The-Wolfpack’s debut fund, called the Wolfpack Pioneer VCC, is already fully subscribed at $5 million USD, and will focus on direct-to-consumer companies, with plans to invest in eight to 10 startups. The firm is already looking to raise a second fund, with a target of $20 million SGD (about $14.9 million USD) and above, and will set up another office in Thailand, with plans to expand into Indonesia as well.

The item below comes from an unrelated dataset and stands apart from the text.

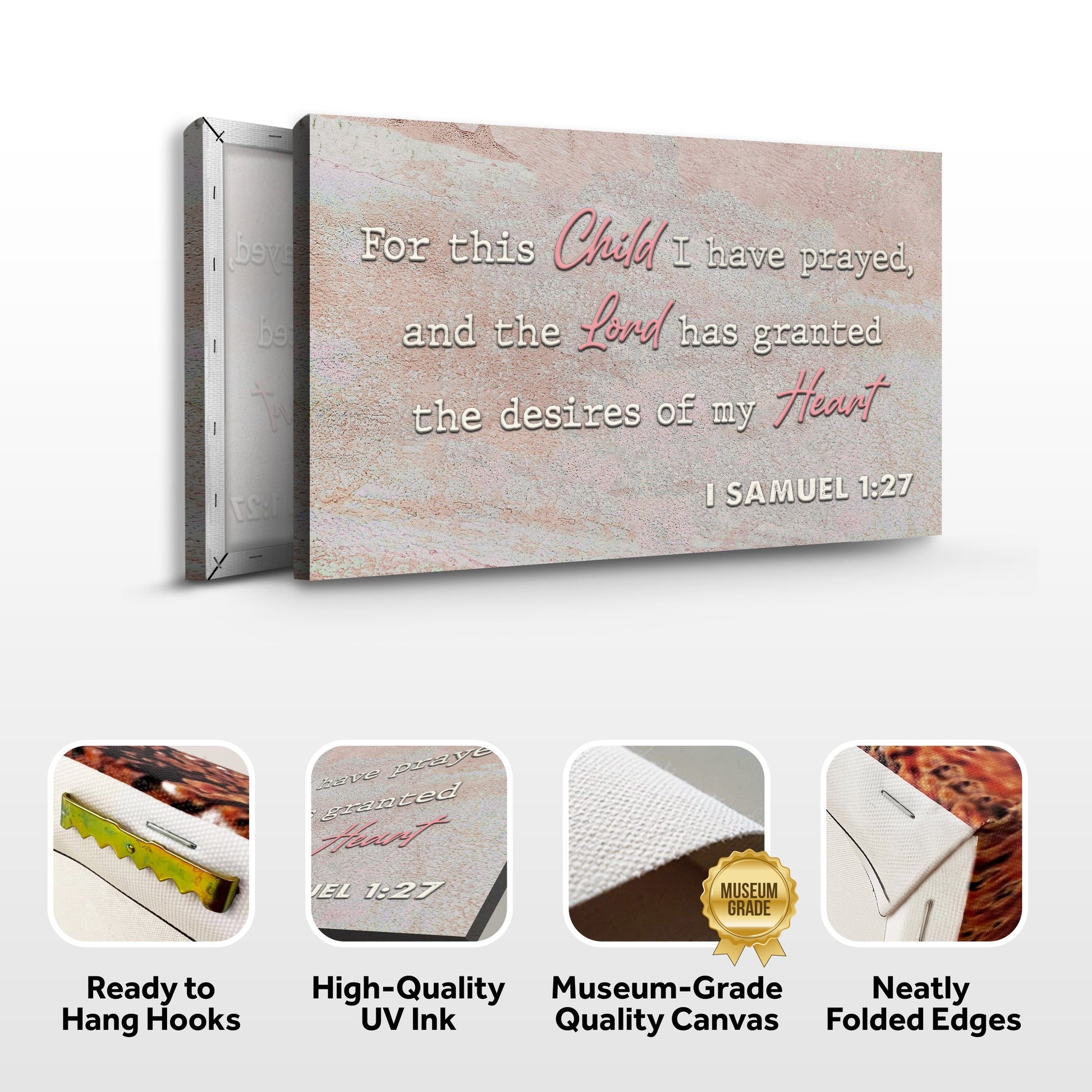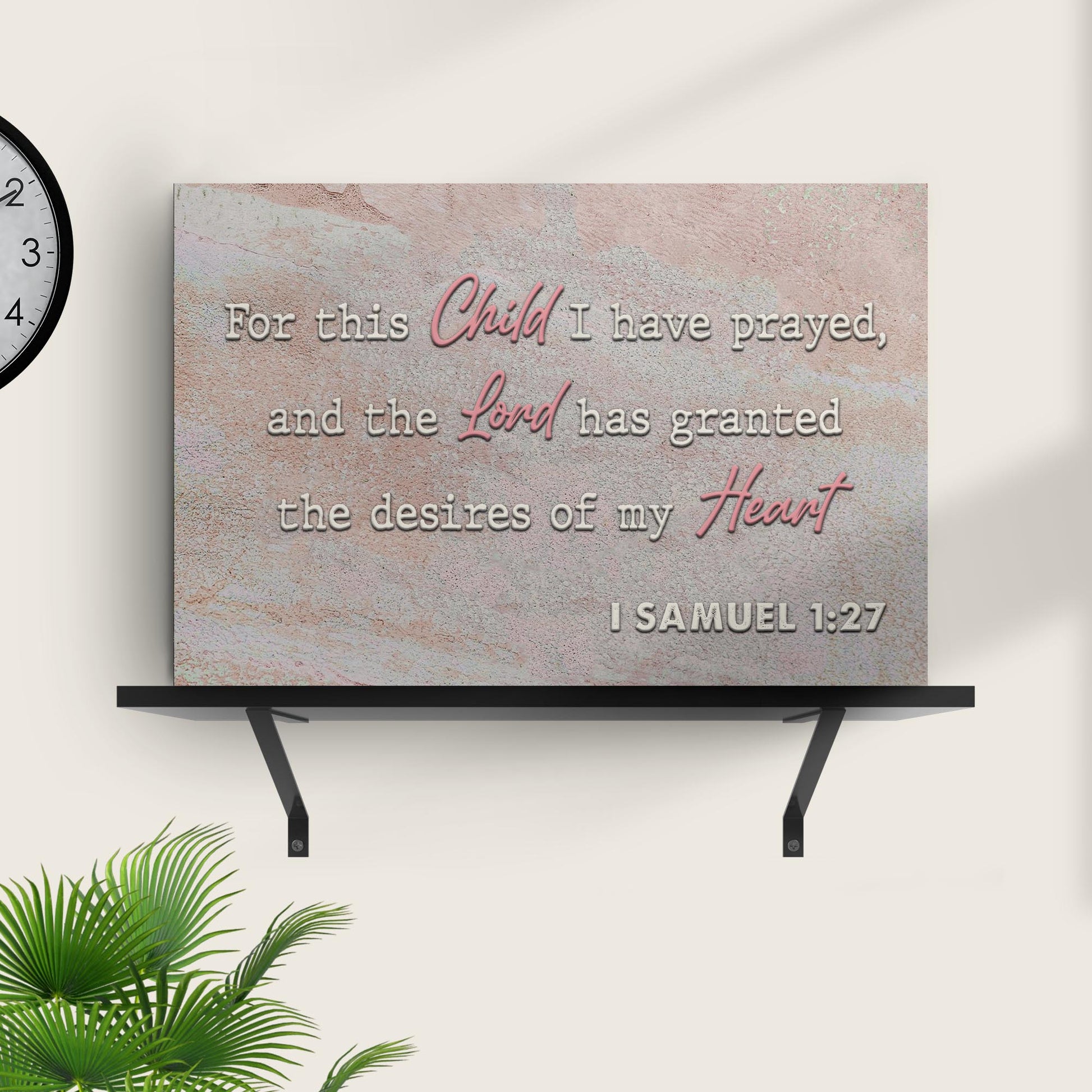 This sign will serve as a constant reminder to pray for your own children and to have faith in God's good purposes for their life. Get this 1 Samuel 1:27 For This Child I Have Prayed Wall Art right away, don't wait any longer!
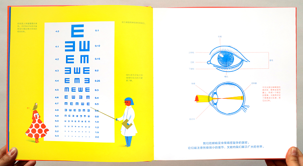 《视觉之书》是一本富有艺术感的科普图画书,适合5岁以上孩子阅读。作者用鲜明的潘通色和富有表现力的艺术图像来呈现丰富的视觉科普知识,如读者眼睛结构、影像成像原理、视力与脑科学、丰富的色彩世界、镜子的历史与照镜原理,人的表情、图像符号、眼睛、光学仪器、视错觉、动物的眼睛和视觉、摄影和电影、绘画艺术、布莱尔盲文等。画面融合了抽象艺术、布莱尔盲文各种图像表现风格,对科学知识的表达方式做了全新的尝试,让读者提升感知能力,重新认识我们所生活的世界。看见不仅是用用眼睛看,更重要的是通过心灵去看,去理解和探索大千世界。

The-Wolfpack was founded by Toh Jin Wei and Simon Nichols, who met while working at GroupM, and Tan Kok Chin, a former director at Sunray Woodcraft Construction who has worked on projects with Marina Bay Sands, Raffles Hotel and the Singapore Tourism’s offices.
In addition to providing financial capital, The-Wolfpack wants to build ecosystems around its portfolio companies by connecting them with IP owners, digital marketing experts, content producers and designers who can help create offline experiences. It also plans to invest in startups based on opportunities for them to collaborate or cross-sell with one another.
Toh told TechCrunch that formal planning on The-Wolfpack began at the end of 2019, but he and Nichols started thinking of launching their own business five years ago while working together at GroupM.
“Our perspective on what the industry needed was similar — strategic investors who truly knew how to get behind D2C founders,” Toh said.
The COVID-19 pandemic and its economic impact has hurt spending in The-Wolfpack’s three key sectors (consumer, leisure and media). But it also presents opportunities for innovation as consumer habits shift, Nichols said.
For example, even though consumer spending has dropped, people are still “drawn towards brands that build towards higher-quality engagements,” he said. “There is a real business advantage for D2C brands who’ve recognized this shift and know how to act on it.”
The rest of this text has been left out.